---

_You are currently looking at **version 1.0** of this notebook. To download notebooks and datafiles, as well as get help on Jupyter notebooks in the Coursera platform, visit the [Jupyter Notebook FAQ](https://www.coursera.org/learn/python-text-mining/resources/d9pwm) course resource._

---

# Assignment 2 - Introduction to NLTK

In part 1 of this assignment you will use nltk to explore the Herman Melville novel Moby Dick. Then in part 2 you will create a spelling recommender function that uses nltk to find words similar to the misspelling. 
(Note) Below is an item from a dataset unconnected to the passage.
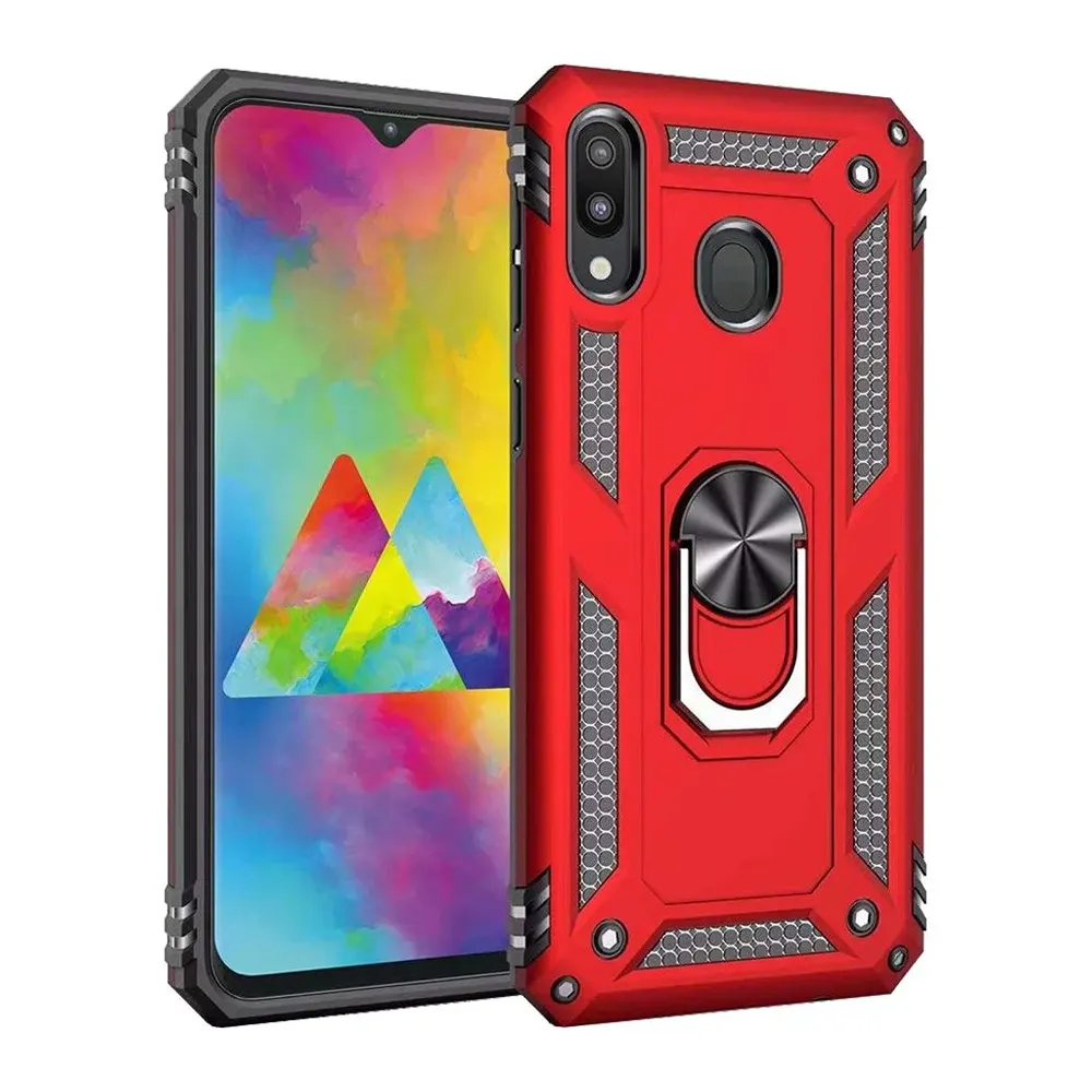 The Slim Shockproof Ring Armor Stand Phone Case for Samsung Galaxy A20 from iShine Trade offers excellent protection and practicality. This case features shockproof technology and a built-in ring stand, combining durability and convenience to ensure your Samsung Galaxy A20 stays safe while offering hands-free viewing.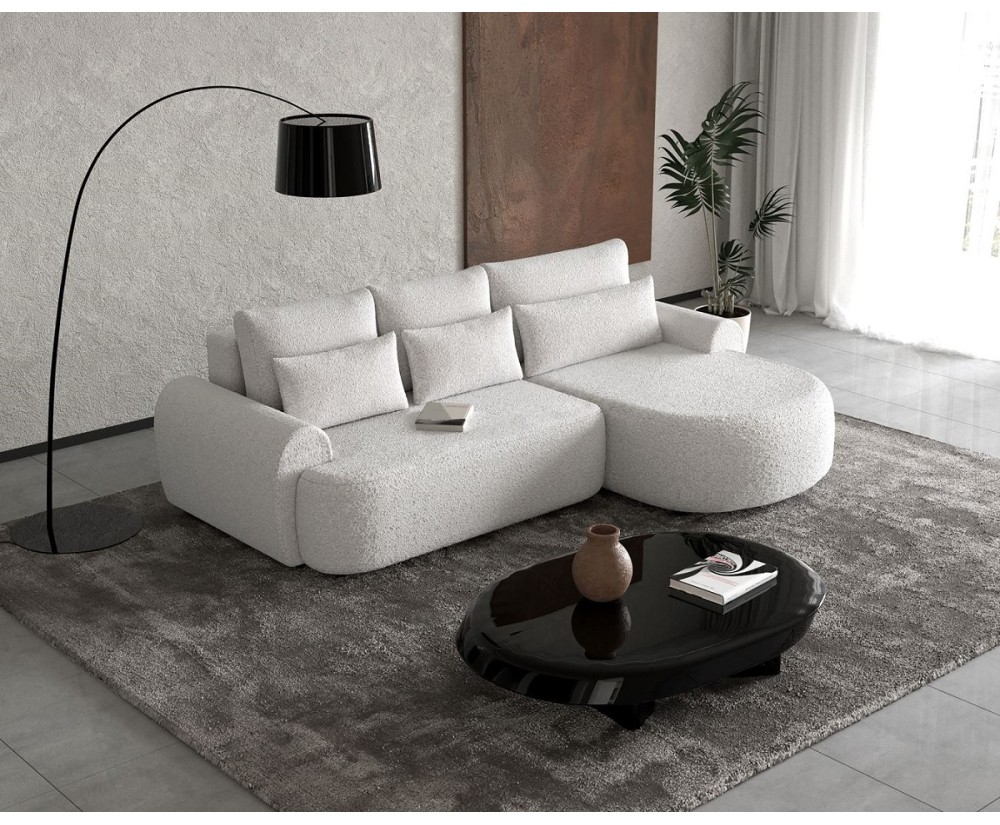 FERRO 58 ist ein modernes und äußerst bequemes Ecksofa, das Ihre Erwartungen in vielerlei Hinsicht erfüllt. Dieses elegante Möbelstück wurde mit Blick auf Komfort und Funktionalität entworfen und bietet viele Vorteile, die Ihr Wohnzimmer zu einem noch mehr freundlichen und praktischen Ort zum Entspannen machen. Das Ecksofa mit Schlaffunktion lässt sich einfach und schnell in einen bequemen Schlafplatz verwandeln, was eine unschätzbare Lösung ist, wenn Sie Gäste haben oder sich einfach nach einem anstrengenden Tag erholen möchten. Nach dem Ausklappen des Ecksofas entsteht eine gemütliche Schlafgelegenheit, die Ihnen einen angenehmen Schlaf garantiert. Der funktionale Bettkasten bietet einen zusätzlichen Stauraum für die Aufbewahrung von Bettwäsche und Kissen, um vorhandenen Raum optimal auszunutzen und Ordnung zu halten. Der Sitz ist sehr weich und bequem. Das Möbelstück ist freistehend – die Rückseite ist mit Stoff bezogen, so dass es beliebig in der Mitte des Raumes aufgestellt werden kann. Dieses schön gestaltete Möbelstück passt sich problemlos an Ihre Bedürfnisse und Raumaufteilung an. Die stabile Konstruktion dank hochwertigen Materialien garantiert eine langlebige Qualität.  Die Ottomane kann links oder rechts angeordnet werden - bitte wählen Sie eine passende Option für Sie.

## Part 1 - Analyzing Moby Dick

In [2]:
import nltk
#nltk.download('punkt')
import pandas as pd
import numpy as np

# If you would like to work with the raw text you can use 'moby_raw'
with open('moby.txt', 'r') as f:
    moby_raw = f.read()
    
# If you would like to work with the novel in nltk.Text format you can use 'text1'
moby_tokens = nltk.word_tokenize(moby_raw)
text1 = nltk.Text(moby_tokens)

### Example 1

How many tokens (words and punctuation symbols) are in text1?

*This function should return an integer.*

In [None]:
def example_one():
    
    return len(nltk.word_tokenize(moby_raw)) # or alternatively len(text1)

example_one()

### Example 2

How many unique tokens (unique words and punctuation) does text1 have?

*This function should return an integer.*

In [None]:
def example_two():
    
    return len(set(nltk.word_tokenize(moby_raw))) # or alternatively len(set(text1))

example_two()

### Example 3

After lemmatizing the verbs, how many unique tokens does text1 have?

*This function should return an integer.*

In [None]:
#nltk.download('wordnet')

In [None]:
from nltk.stem import WordNetLemmatizer

def example_three():

    lemmatizer = WordNetLemmatizer()
    lemmatized = [lemmatizer.lemmatize(w,'v') for w in text1]

    return len(set(lemmatized))

example_three()

### Question 1

What is the lexical diversity of the given text input? (i.e. ratio of unique tokens to the total number of tokens)

*This function should return a float.*

In [None]:
def answer_one():
    total_tokens = len(nltk.word_tokenize(moby_raw))
    unique_tokens = len(set(nltk.word_tokenize(moby_raw)))
    
    return unique_tokens/total_tokens

answer_one()

### Question 2

What percentage of tokens is 'whale'or 'Whale'?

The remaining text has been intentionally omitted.